• Task instructions:
Would you mind restating all of the records word for word, skipping the pictures?

• Source information:
■ ■ ■ ■ ■

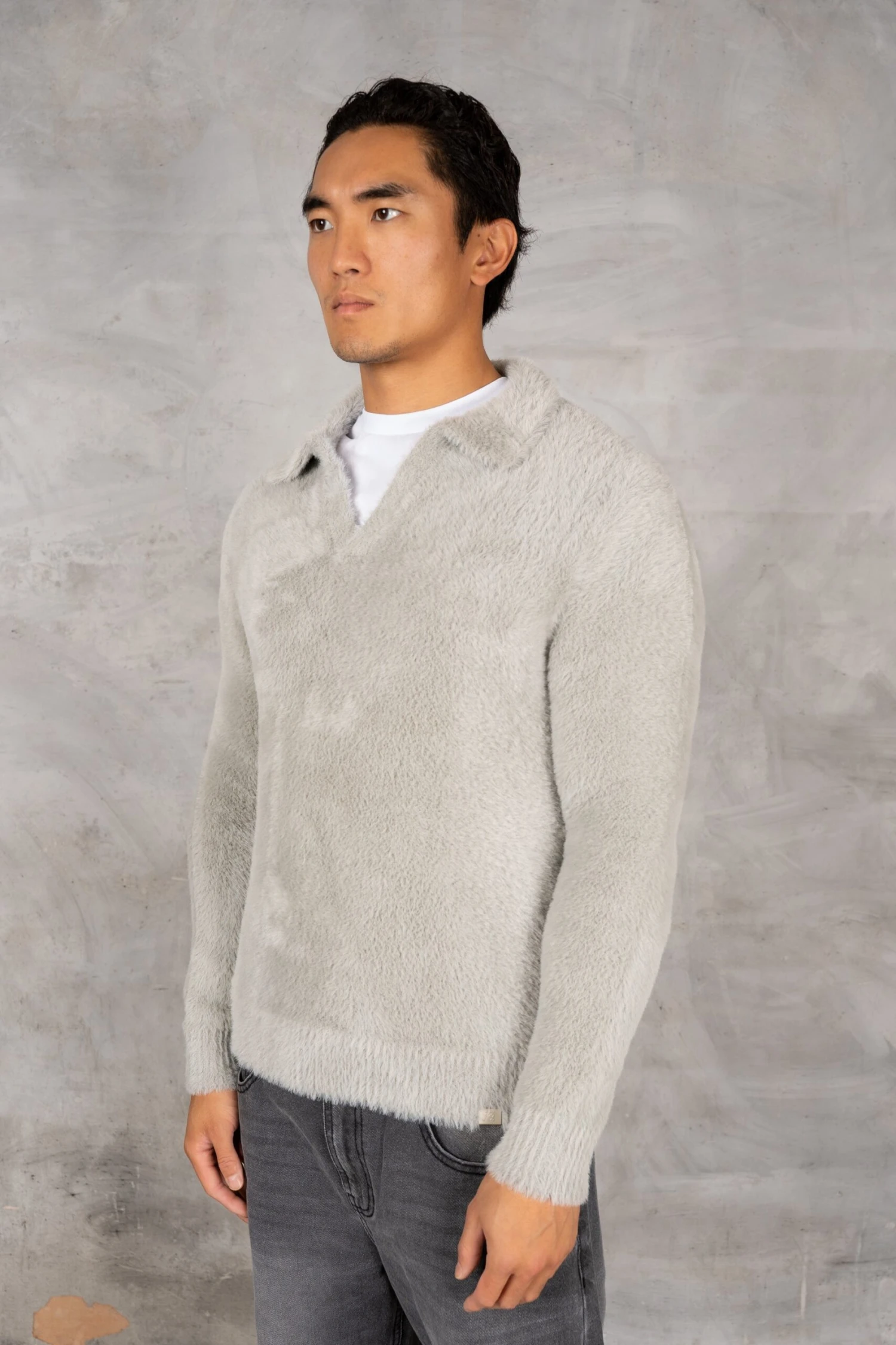 Open Neck Mohair Polo Pullover
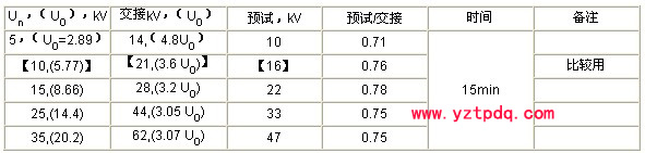 1、綜合國(guó)外和國(guó)內(nèi)采用的標(biāo)準(zhǔn),在Un=60kV以下的中壓電纜(3~35kV)其交接試驗(yàn)電壓均為2U0,預(yù)試電壓用0.8×2U0=1.6U0。深入分析,可見(jiàn)交接和預(yù)試電壓的具體值是偏低的。它適宜于發(fā)現(xiàn)(擊穿)有絕緣缺陷和存在問(wèn)題的電纜絕緣。例如:10kV電纜的交接試驗(yàn)電壓2U0=17.4kV,預(yù)試僅為14kV,比最高工作線電壓Um=11.5kV高出不多。這樣的電壓是不能用來(lái)檢測(cè)正常絕緣的絕緣水平的。因?yàn)檎=^緣的絕緣水平相當(dāng)高,新電纜的出廠交流耐壓也是很高的。
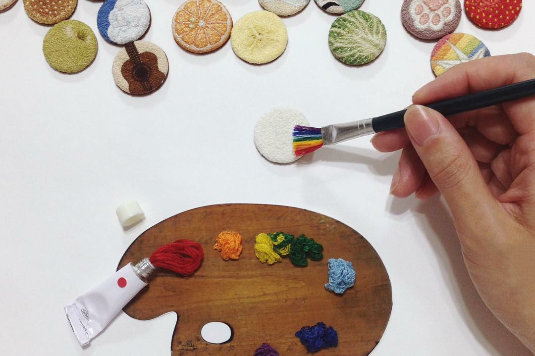 Вышивка разная нужна, вышивка разная важна... Сколько бы я ни восхищалась различными техниками, приемами и авторами, всегда находится что-то новое и оригинальное! Воистину воображение человеческое неисчерпаемо :) Сегодня я бы хотела познакомить вас с японской мастерицей, выступающей под ником Ipnot. Как говорит сама девушка, такой необычный никнейм произошел от ее детского прозвища (у кого есть идеи, что бы это могло значить — пожалуйста, поделитесь в комментариях!). Да и с вышивкой она познакомилась, еще будучи маленькой девочкой — ее бабушка любила вышивать на досуге, передав любовь к творчеству своей внучке. Визитная карточка Ipnot — французские узелки: «Я использую иглу как кисть для рисования, узелок за узелком наношу «мазки» на канву — получается нечто вроде рельефной живописи нитками». Мастерству, упорству и терпению вышивальщицы можно только позавидовать, ведь ее основной вид деятельности — потрясающе реалистичные броши-кругляшки. В основном на них изображена вс
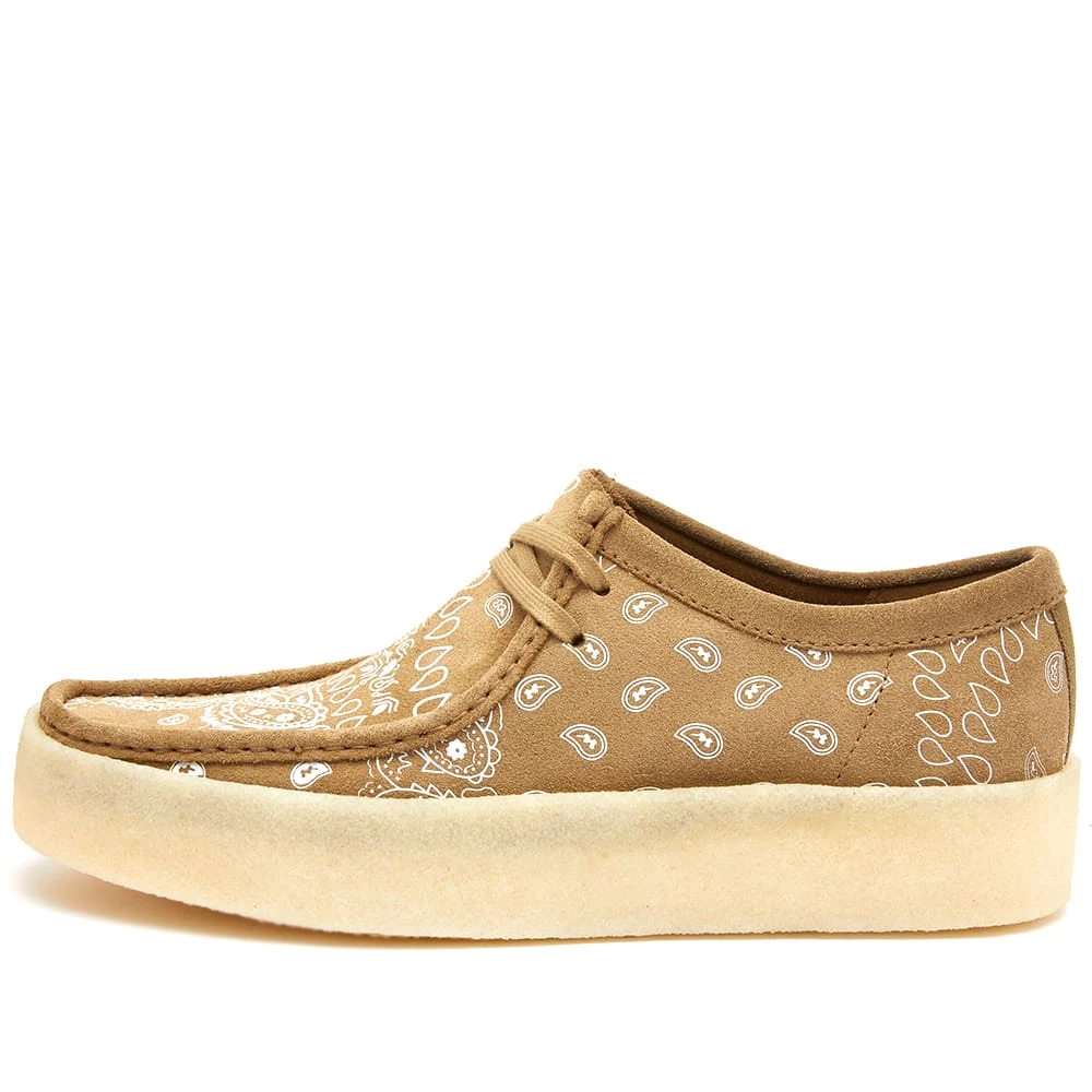 Clarks Originals Wallabee Cup shoe gets a funky update by way of its new paisley print. This dark olive pair are covered in the contrasting white print, while the crepe cupsole remains as chunky as ever underneath.
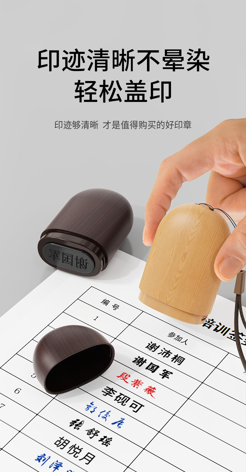 새로운 우드 그레인 시그니처 씰 회계 씰 스퀘어 작은 플랫 씰 성격 서명 감광 이름 필기 서명 조각 씰스토어 가기
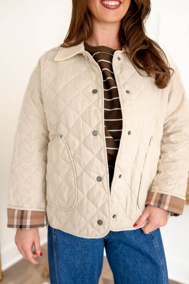 Cozy meets chic in the Jenna Quilted Jacket, featuring beautiful embroidery, contrast trim, and functional details that make it a fall layering fa...
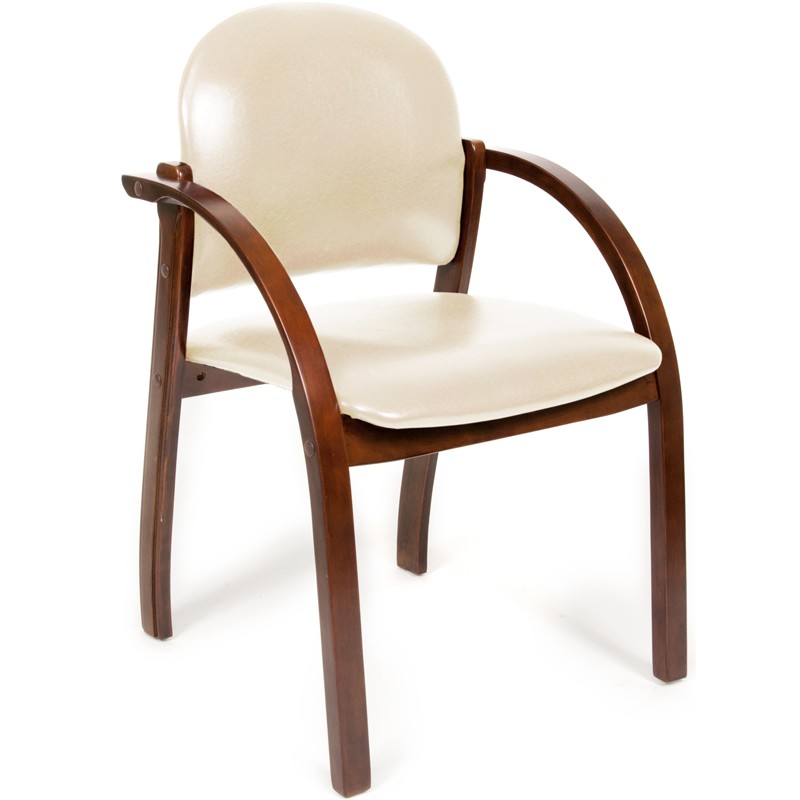 Каркас с четырьмя ножками изготовлен из массива дерева цвета темный орех. Сиденье и спинка обиты искусственной кожей бежевого цвета (матовый). Подлокотники эргономичной формы. -

■ ■ ■ ■ ■

• Response to the exercise:
 Open Neck Mohair Polo Pullover
 1、綜合國(guó)外和國(guó)內(nèi)采用的標(biāo)準(zhǔn),在Un=60kV以下的中壓電纜(3~35kV)其交接試驗(yàn)電壓均為2U0,預(yù)試電壓用0.8×2U0=1.6U0。深入分析,可見(jiàn)交接和預(yù)試電壓的具體值是偏低的。它適宜于發(fā)現(xiàn)(擊穿)有絕緣缺陷和存在問(wèn)題的電纜絕緣。例如:10kV電纜的交接試驗(yàn)電壓2U0=17.4kV,預(yù)試僅為14kV,比最高工作線電壓Um=11.5kV高出不多。這樣的電壓是不能用來(lái)檢測(cè)正常絕緣的絕緣水平的。因?yàn)檎=^緣的絕緣水平相當(dāng)高,新電纜的出廠交流耐壓也是很高的。
 Вышивка разная нужна, вышивка разная важна... Сколько бы я ни восхищалась различными техниками, приемами и авторами, всегда находится что-то новое и оригинальное! Воистину воображение человеческое неисчерпаемо :) Сегодня я бы хотела познакомить вас с японской мастерицей, выступающей под ником Ipnot. Как говорит сама девушка, такой необычный никнейм произошел от ее детского прозвища (у кого есть идеи, что бы это могло значить — пожалуйста, поделитесь в комментариях!). Да и с вышивкой она познакомилась, еще будучи маленькой девочкой — ее бабушка любила вышивать на досуге, передав любовь к творчеству своей внучке. Визитная карточка Ipnot — французские узелки: «Я использую иглу как кисть для рисования, узелок за узелком наношу «мазки» на канву — получается нечто вроде рельефной живописи нитками». Мастерству, упорству и терпению вышивальщицы можно только позавидовать, ведь ее основной вид деятельности — потрясающе реалистичные броши-кругляшки. В основном на них изображена вс
 Clarks Originals Wallabee Cup shoe gets a funky update by way of its new paisley print. This dark olive pair are covered in the contrasting white print, while the crepe cupsole remains as chunky as ever underneath.
 새로운 우드 그레인 시그니처 씰 회계 씰 스퀘어 작은 플랫 씰 성격 서명 감광 이름 필기 서명 조각 씰스토어 가기
 Cozy meets chic in the Jenna Quilted Jacket, featuring beautiful embroidery, contrast trim, and functional details that make it a fall layering fa...
 Каркас с четырьмя ножками изготовлен из массива дерева цвета темный орех. Сиденье и спинка обиты искусственной кожей бежевого цвета (матовый). Подлокотники эргономичной формы. -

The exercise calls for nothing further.